Your job is to retype all of the data word for word, leaving every image out.
**** INFORMATION SHOWN
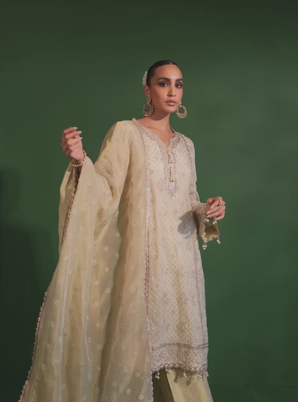Mulmul Banarsi Carey Off White Kurta With Carey Off White Pant
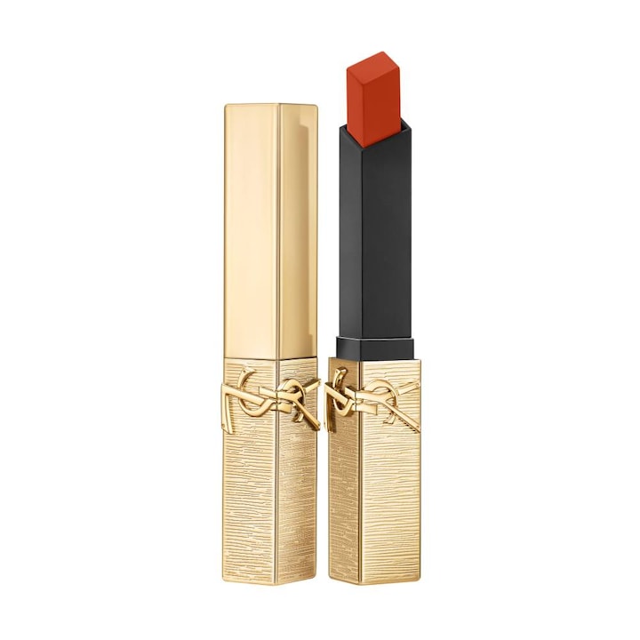 Celebre o Natal com estilo com o Cofre de Edição Limitada de Yves Saint Laurent The Slim Holiday 25 no 1936 Firey Era. Um batom couture com acabamento mate aveludado, concebido para oferecer até 10 horas de cor intensa e uniforme. A sua fórmula altamente pigmentada desliza suavemente, proporcionando uma sensação de conforto hidratante que dura o dia todo. Inspirada na alta costura, esta edição limitada é apresentada num estojo dourado metalizado com textura de luxo, tornando-o um acessório de beleza tanto funcional quanto elegante. Perfeito para definir o arco do cupido e realçar os lábios com um vermelho sofisticado, este batom transforma qualquer visual numa declaração de estilo. Uma peça imprescindível de edição limitada para oferecer no Natal ou para adicionar um toque couture à sua coleção pessoal de maquilhagem.
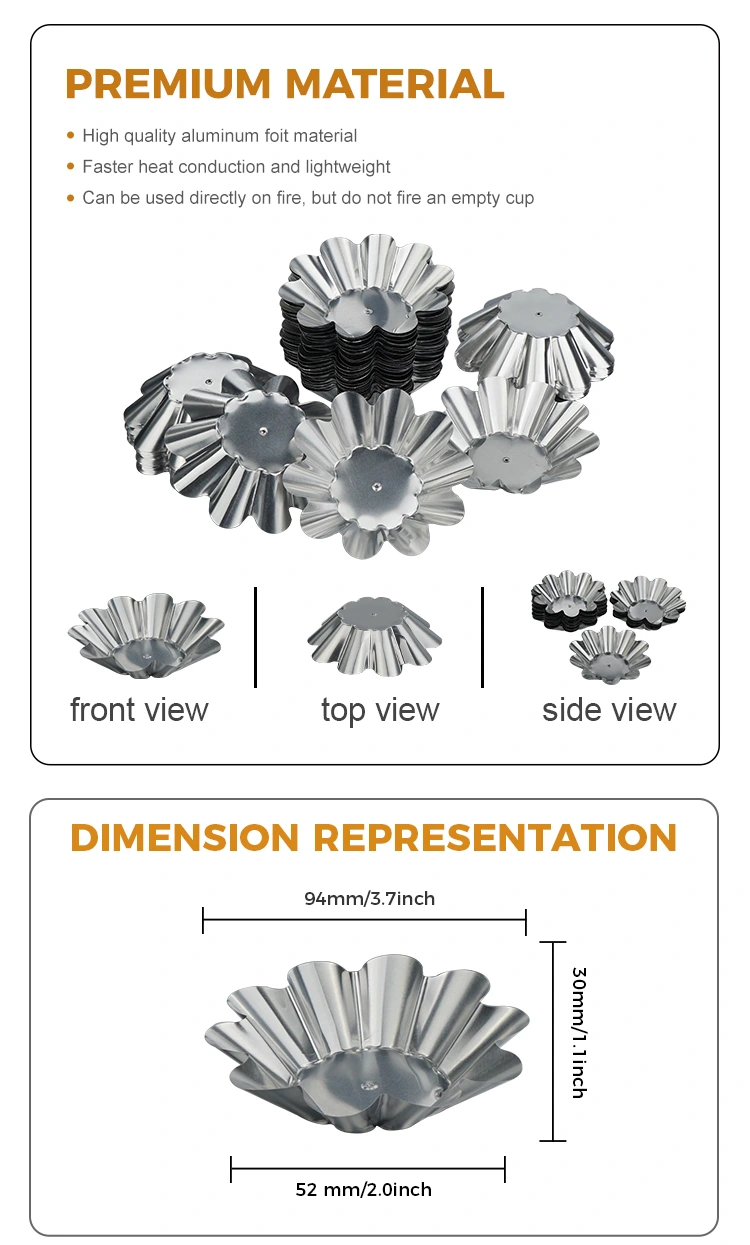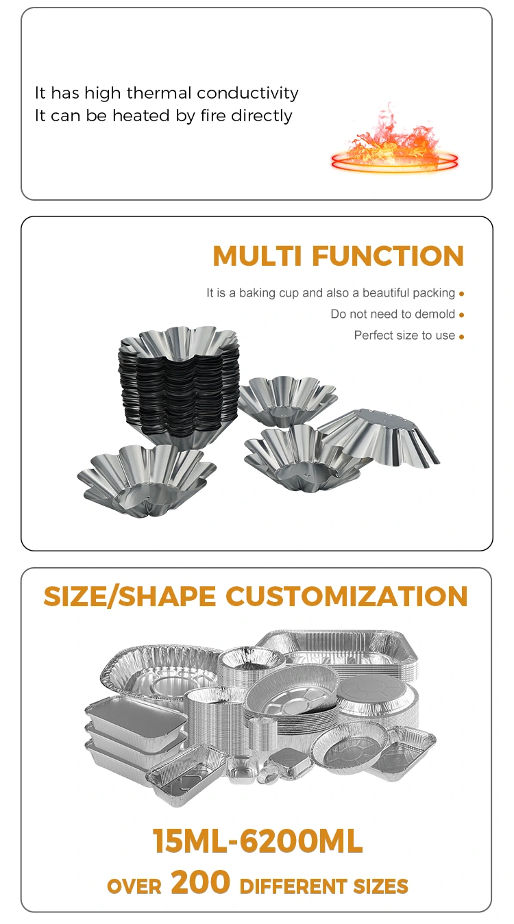 आउटडोर और सुविधाजनक दृश्य: हल्का और पोर्टेबल, आउटडोर कैंपिंग, पिकनिक, पार्टियों और अन्य दृश्यों के लिए उपयुक्त। अंडे के टार्ट और स्नैक्स पहले से तैयार किए जा सकते हैं और बिना भारी बेकिंग शीट के कंटेनर में रखे जा सकते हैं। इन्हें खाने के बाद सीधे फेंक दिया जा सकता है। इसे साफ करना आसान है और यह जगह नहीं लेता। इसका उपयोग टेकआउट पैकेजिंग के लिए भी किया जा सकता है। एल्यूमीनियम पन्नी सामग्री की सीलिंग और गर्मी संरक्षण गुण प्रभावी ढंग से डेसर्ट के तापमान और स्वाद को बनाए रख सकते हैं और परिवहन के दौरान रिसाव और विरूपण से बच सकते हैं।
********
• **TASK RESPONSE**:
Mulmul Banarsi Carey Off White Kurta With Carey Off White Pant
 Celebre o Natal com estilo com o Cofre de Edição Limitada de Yves Saint Laurent The Slim Holiday 25 no 1936 Firey Era. Um batom couture com acabamento mate aveludado, concebido para oferecer até 10 horas de cor intensa e uniforme. A sua fórmula altamente pigmentada desliza suavemente, proporcionando uma sensação de conforto hidratante que dura o dia todo. Inspirada na alta costura, esta edição limitada é apresentada num estojo dourado metalizado com textura de luxo, tornando-o um acessório de beleza tanto funcional quanto elegante. Perfeito para definir o arco do cupido e realçar os lábios com um vermelho sofisticado, este batom transforma qualquer visual numa declaração de estilo. Uma peça imprescindível de edição limitada para oferecer no Natal ou para adicionar um toque couture à sua coleção pessoal de maquilhagem.
 आउटडोर और सुविधाजनक दृश्य: हल्का और पोर्टेबल, आउटडोर कैंपिंग, पिकनिक, पार्टियों और अन्य दृश्यों के लिए उपयुक्त। अंडे के टार्ट और स्नैक्स पहले से तैयार किए जा सकते हैं और बिना भारी बेकिंग शीट के कंटेनर में रखे जा सकते हैं। इन्हें खाने के बाद सीधे फेंक दिया जा सकता है। इसे साफ करना आसान है और यह जगह नहीं लेता। इसका उपयोग टेकआउट पैकेजिंग के लिए भी किया जा सकता है। एल्यूमीनियम पन्नी सामग्री की सीलिंग और गर्मी संरक्षण गुण प्रभावी ढंग से डेसर्ट के तापमान और स्वाद को बनाए रख सकते हैं और परिवहन के दौरान रिसाव और विरूपण से बच सकते हैं।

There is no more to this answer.